Bevis Marks is the oldest Jewish house of worship in London, established by the Sephardic Jews in 1698. At that time the worshipers met in a small synagogue in Cree Church lane; but the considerable influx of Jews made it necessary to obtain other and commodious quarters. Accordingly a committee was appointed, and in 1699 signed a contract with Joseph Avis, a Quaker, for the construction of a building. That same year the committee leased a tract of land at Plough Yard, in Bevis Marks,

 

The structure was completed and dedicated in 1702, and, with the exception of the roof, which was destroyed by fire in 1738, and repaired in 1749, is today as it was 200 years ago. In the interior decorations and arrangement the influence of the great Amsterdam synagogue of 1677 is apparent.
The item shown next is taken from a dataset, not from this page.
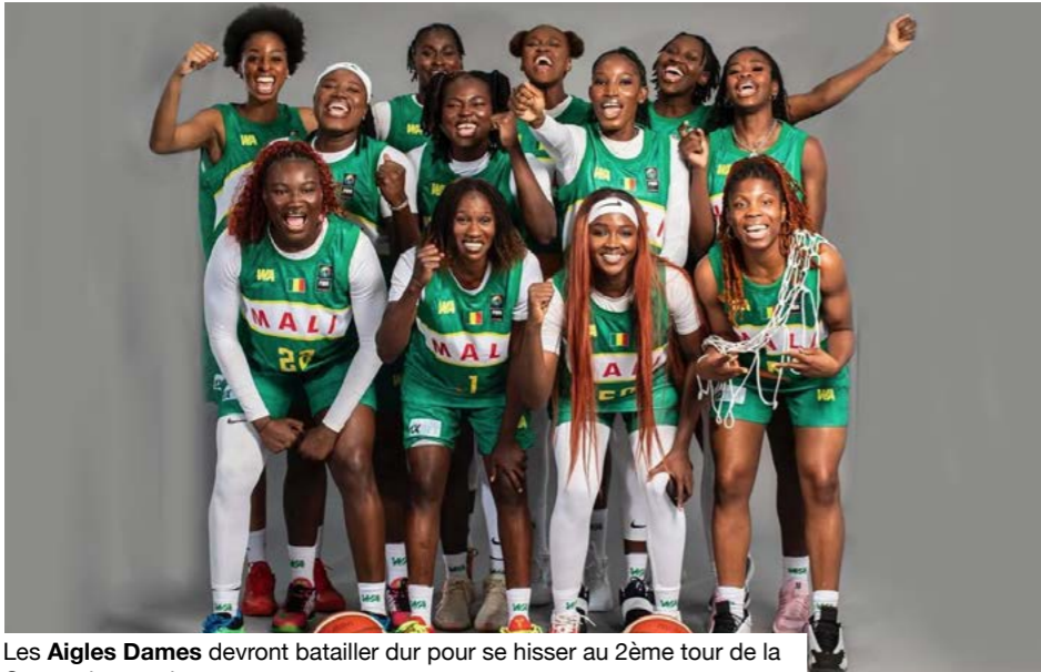
Les Aigles Dames devront batailler dur pour se hisser au 2ème tour de la Coupe du monde 2026.

Dans ce groupe A, chaque adversaire présente des arguments solides. Le Japon était déjà dans la même poule que le Mali en 2022 et s'était imposé face aux Aigles Dames (89-56). Finalistes olympiques en 2021, les Nippones arrivent avec un effectif réputé pour sa vitesse et sa maîtrise technique. Elles ont dominé leur tournoi qualifica-

In 1747 Benjamin Mendes da Costa bought the lease of the ground on which the building stood, and presented it to the congregation.

 

The Bevis Marks Synagogue was for more than a century the religious center of the Anglo-Jewish world, and served as a clearinghouse for congregational and individual troubles all the world over; e.g., the appeal of the Jamaican Jews for a reduction in taxation (1736); the internecine quarrel among the Barbados Jews (1753); and the aiding of seven-year-old Moses de Paz, who escaped from Gibraltar in 1777 to avoid an enforced conversion.

 

The synagogue formed the center of the Sephardic community of London till the foundation of the Bryanstone Street Synagogue, in 1866, after which the attendance at the functions declined so much that in 1886 the "yeidim" contemplated selling the ground and the building; but a Bevis Marks Anti-Demolition League was founded, under the auspices of H. Guedalla and A. H. Newman, and the proposed demolition was given up. The synagogue held its bicentenary celebration with great pomp in 1901.